- Full name: Huang Yubin
- Born: February 5, 1958 (age 68)
- Spouse: Sun Xiao mo

Gymnastics career
- Discipline: Men's artistic gymnastics
- Country represented: China
- Retired: 1984
- Medal record
Friendship Games (Alternate 1980 Olympics)
| Silver medal – second place | 1980 Hartford | Pommel Horse |
World Championships
| Gold medal – first place | 1983 Budapest | Team competition |
| Silver medal – second place | 1981 Moscow | Rings |
| Bronze medal – third place | 1981 Moscow | Team competition |
World Cups
| Gold medal – first place | 1980 World Cup | Rings |
| Bronze medal – third place | 1980 World Cup | Parallel Bars |
Asian Games
| Gold medal – first place | 1978 Bangkok | Team |
| Gold medal – first place | 1978 Bangkok | Rings |
| Gold medal – first place | 1982 New Delhi | Team |
| Gold medal – first place | 1982 New Delhi | Rings |

= Huang Yubin =

Chinese gymnastics coach

Huang Yubin (, born February 5, 1958) is the head coach of the Men's Artistic Gymnastics Team of China. In 1970, Huang Yubin was selected as a gymnast for the Liaoning province team. Four years later, he made it to the national team. He won a gold medal on rings in the World Cup in 1980. It was the first time that a Chinese man won a gold medal in gymnastics.

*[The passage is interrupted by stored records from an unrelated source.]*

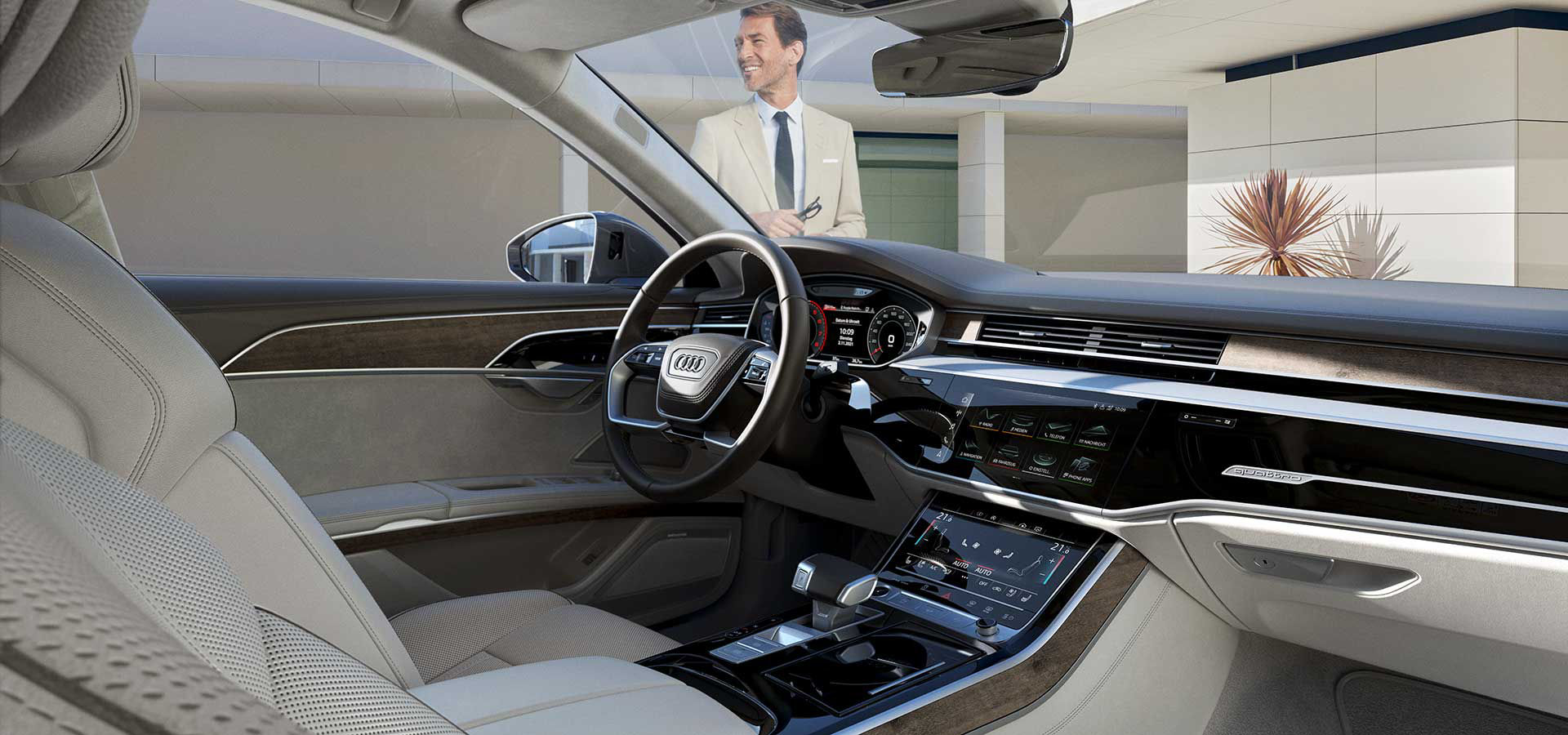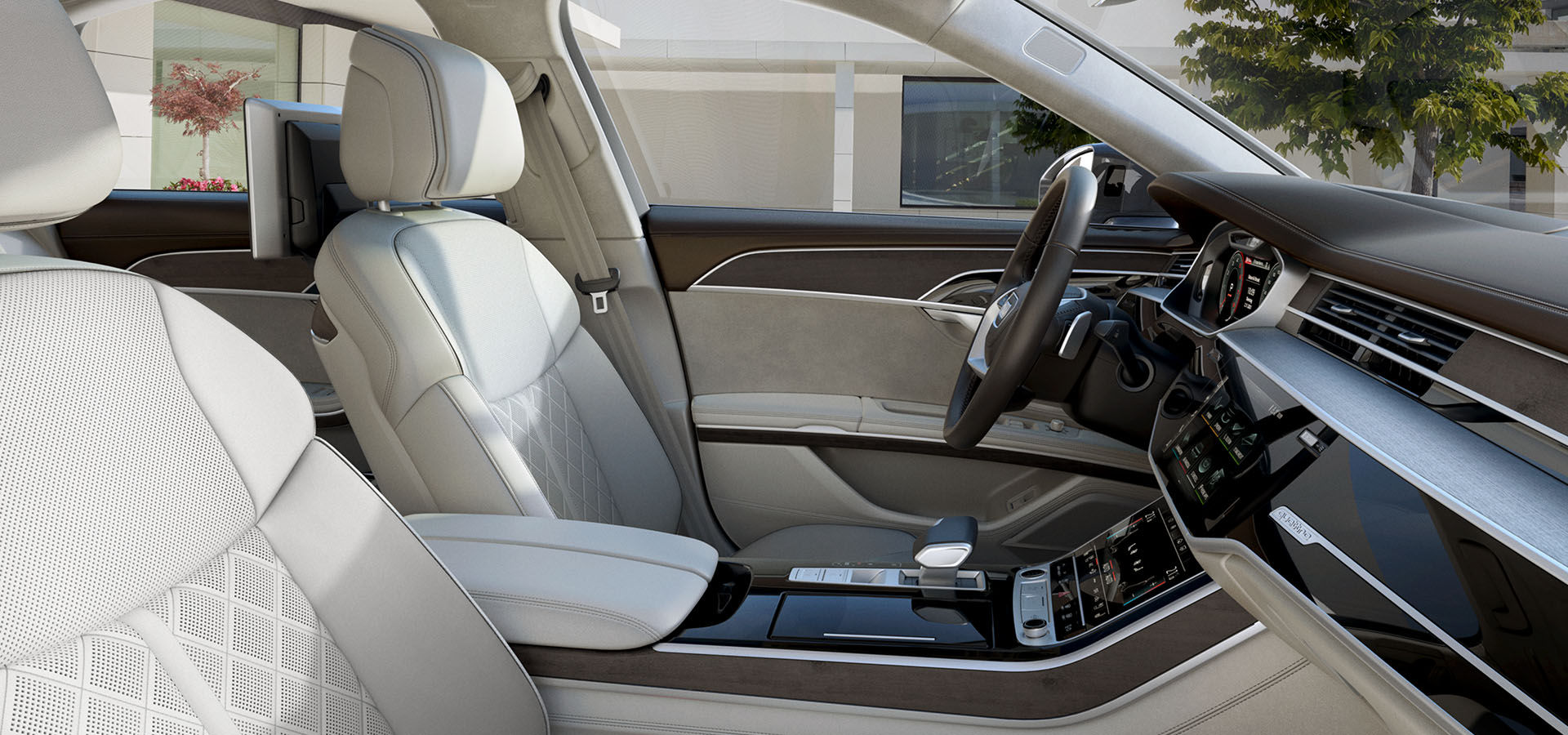 아우디 A8의 인테리어는 최고급 소재와 첨단 기술이 조화를 이루며, 대형 디지털 계기판과 듀얼 터치스크린 MMI 시스템이 적용되어 직관적인 조작이 가능합니다. 최고급 나파 가죽 시트, 우드 및 알루미늄 트림이 사용되어 고급스러운 분위기를 자아냅니다.
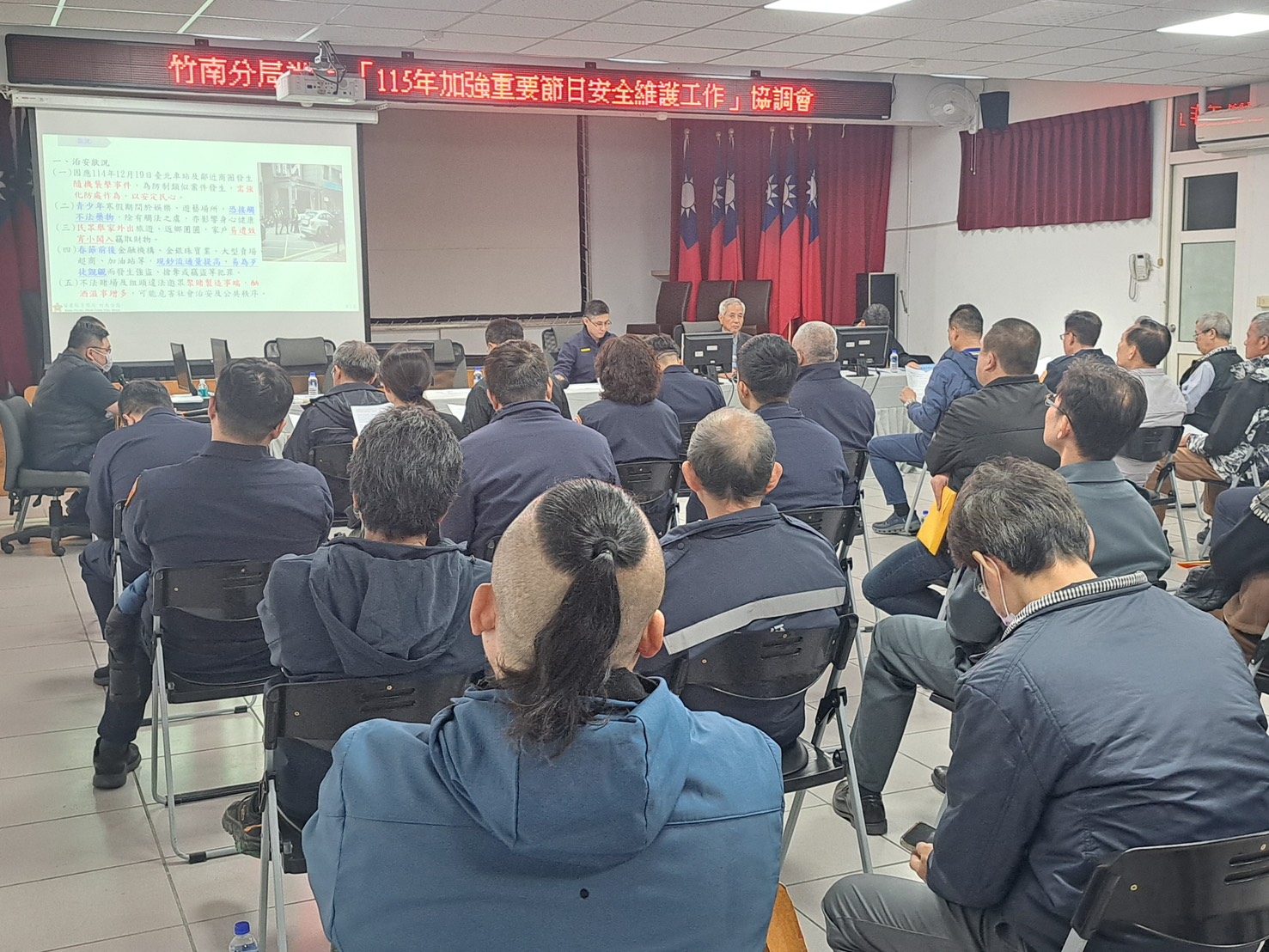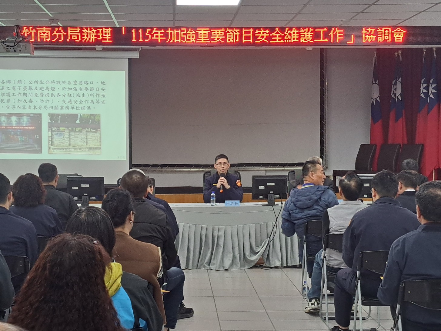 竹南警分局於1月27日下午在分局4樓禮堂召開工作協調會,由分局長陳俞佐主持,邀集轄內各鄉(鎮)公所、學校、金融機構及義警、義交、民防、守望相助隊與志工等單位與會,就治安維護、交通疏導及為民服務等重點工作進行整體規劃與分工。
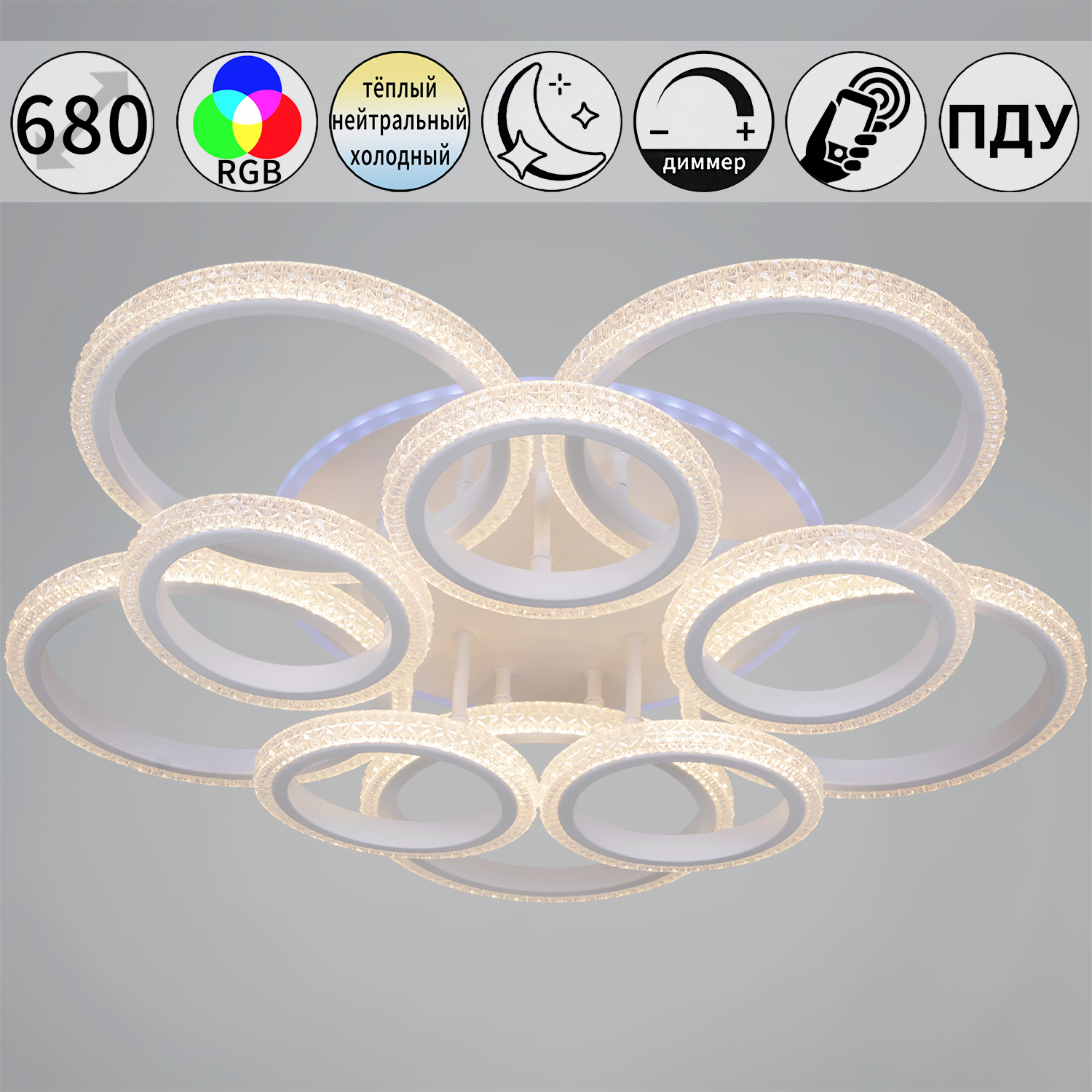 - Технические особенности: С пультом ДУ, С диммером, Управление с телефона
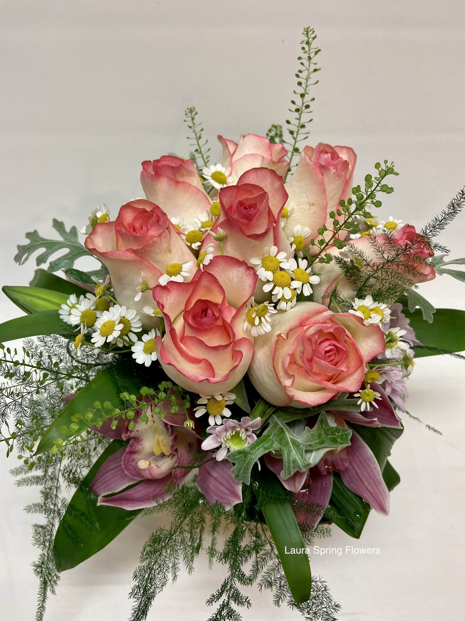 Σύνθεση με ορχιδέες και τριαντάφυλλα
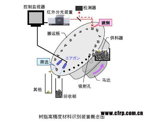 三菱電機(jī)和島津制作所于2012年12月19日宣布,共同開(kāi)發(fā)出了“再利用樹(shù)脂高精度成分識(shí)別技術(shù)”,能夠在廢舊家電循環(huán)再利用工序中以99%以上的精度瞬間識(shí)別出回收的樹(shù)脂的品種。該技術(shù)通過(guò)向搬運(yùn)板上的樹(shù)脂碎片照射波長(zhǎng)比近紅外光長(zhǎng)的中紅外光,然后分析其反射光來(lái)識(shí)別樹(shù)脂的品種。
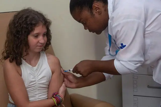 2月23日,在巴西里约热内卢博塔弗戈一家疫苗机构里,一名医护人员(右)为一名儿童接种登革热疫苗。 新华社

After the 1984 Los Angeles Olympics, Huang Yubin retired from gymnastics and studied at the Beijing Sports University, where he could only study for a semester since the national team needed more coaches. He went back to the gym and started his coaching career with the women's team.

In his 20 years of coaching the national team, 15 of his pupils won world championships and Olympic gold medals, thus earning him the tag of the "Gold Medal Coach". He is known for his high standards and has helped many gymnasts win world championships. Fan Di was his first "world champion pupil", while she won the gold medal on uneven bars in the 1989 World Artistic Gymnastics Championships. Before that, many people doubted his ability as a coach.

Having proven himself as a coach par excellence over three years in the women's team, he started coaching the men's team. At the very beginning, some of his pupils didn't accept his training methods. They finally understood the coach when they were on the podium. In the 1996 Atlanta Olympics, Li Xiaoshuang won the men's all-around gold. From that year, his students better grasped his style of teaching.

He led the men's team in the 2000 Sydney Olympics and the 2008 Beijing Olympics, where Chinese gymnasts won the men's team golds in both events.